I mean with women being killed for "honor," all that is left is to start worshipping statues of wood and stone once again!

It is the return of the Sith, the evil Jedi who were supposed to have been destroyed years ago, but who secretly came back and formed the Galactic Empire in the Star Wars series. Similarly, the ugly face of "honor killings" has crept back into the fabric of Muslim societies when it should have been eliminated centuries before.

I have heard people try to explain it away by saying, "This is their culture. It is not our place to judge such behavior, no matter how repugnant." That kind of thinking is unacceptable. Innocent women and girls are being brutally murdered on mere pretense and accusation. No culture should tolerate such barbarity, and this should be especially true of Muslim-populated cultures.
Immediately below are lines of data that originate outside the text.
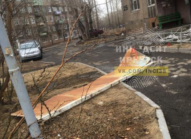 Сильный ветер сорвал с балкона в Братске парапет, который при падении едва не убил прохожих.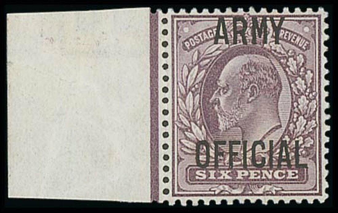 Second Type overprint: 6d. pale dull purple with sheet margin at left, small fault in the margin only, though very fine unmounted mint. Wenvoe Certificate (2024). S.G. O52, Spec. MO22, £1,800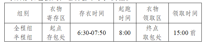 比赛当天起点存衣服务将于鸣枪前10分钟截止,请选手做好时间安排。全、半程马拉松选手可在比赛当日15:00前到终点指定区域领取个人存放物品。如超过领取时间没有领取的,可于赛后一周内到赛事组委会领取(如需邮寄,产生的费用由运动员本人承担);一周内不领取,组委会将按无人领取处理;如未按照组委会指定时间、地点和方式存衣,导致存衣包丢失,组委会不承担责任。

It is a cancer that must be removed from the body of the Muslim world, and it can only be done by Muslims themselves.

There has to be a major process of re-education to teach ignorant Muslims about how Islam condemned such practices more than 14 centuries ago. Moreover, those who commit such heinous crimes must be tried and punished according to the rule of law. With such clear verses in the Qur'an warning against the killing of young girls (and by extension anyone else), one would think such a process of re-education would be easy. Unfortunately old habits die hard. But this is one habit that has to die again, and this time for good.